--- TO DO ---
The pictures stay out. Please retype every line below exactly.

--- INPUT DATA ---
----

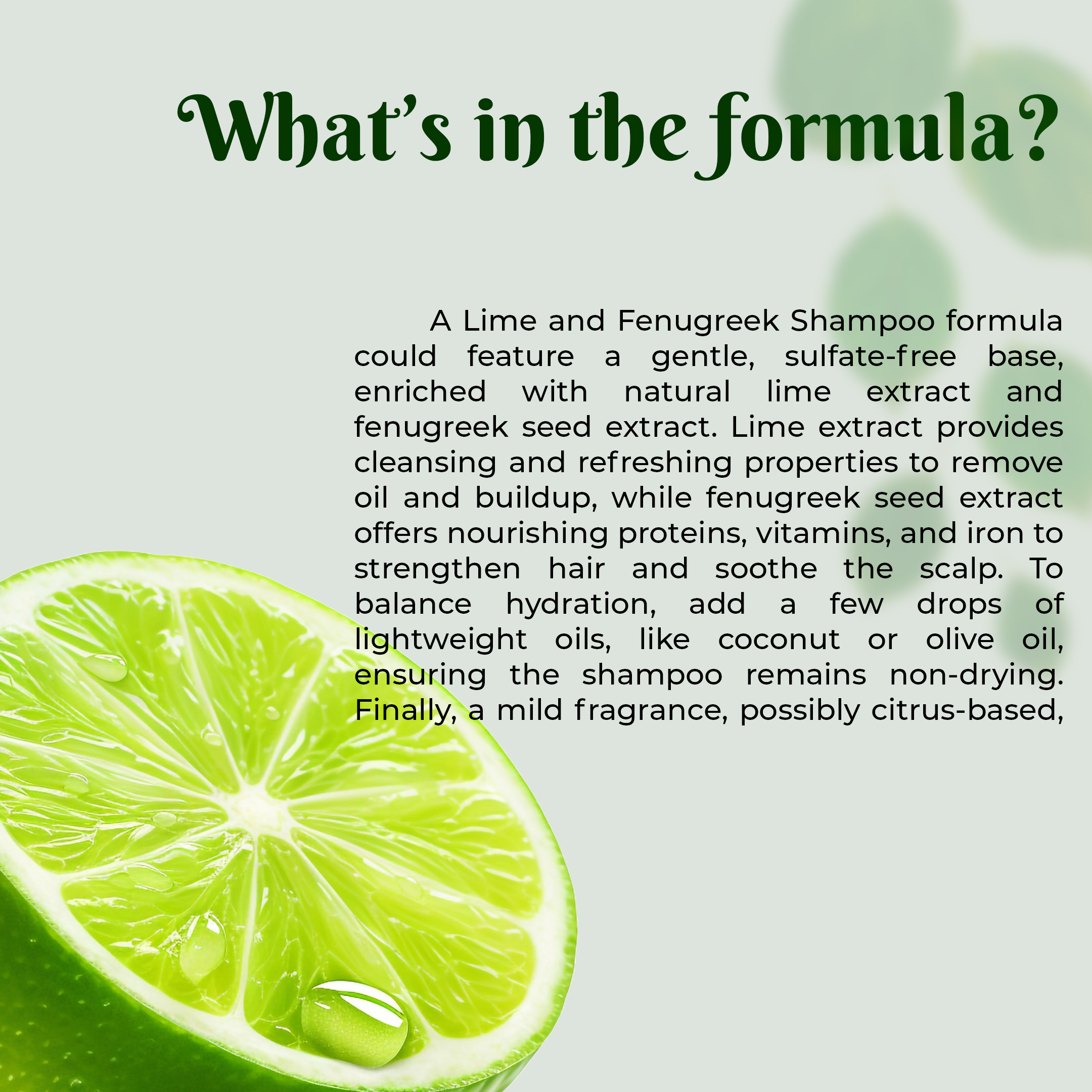 A Lime and Fenugreek Shampoo formula could feature a gentle, sulfate-free base, enriched with natural lime extract and fenugreek seed extract. Lime extract provides cleansing and refreshing properties to remove oil and buildup, while fenugreek seed extract offers nourishing proteins, vitamins, and iron to strengthen hair and soothe the scalp. To balance hydration, add a few drops of lightweight oils, like coconut or olive oil, ensuring the shampoo remains non-drying. Finally, a mild fragrance, possibly citrus-based.
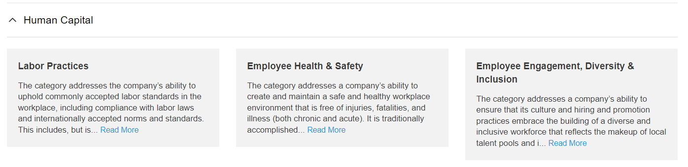Human Capital. This dimension addresses issues that affect a company’s workforce, which is often a key resource to delivering long-term value.
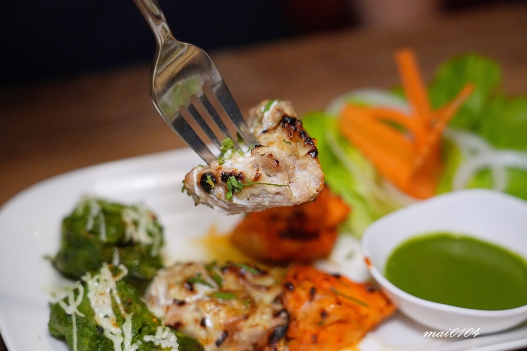 薄菏香料碳烤雞是鮮甜的雞肉加上印度香料、薄荷醬調味,上層再擠上美奶滋

----

--- RESULT OF THIS TASK ---
 A Lime and Fenugreek Shampoo formula could feature a gentle, sulfate-free base, enriched with natural lime extract and fenugreek seed extract. Lime extract provides cleansing and refreshing properties to remove oil and buildup, while fenugreek seed extract offers nourishing proteins, vitamins, and iron to strengthen hair and soothe the scalp. To balance hydration, add a few drops of lightweight oils, like coconut or olive oil, ensuring the shampoo remains non-drying. Finally, a mild fragrance, possibly citrus-based.
Human Capital. This dimension addresses issues that affect a company’s workforce, which is often a key resource to delivering long-term value.
 薄菏香料碳烤雞是鮮甜的雞肉加上印度香料、薄荷醬調味,上層再擠上美奶滋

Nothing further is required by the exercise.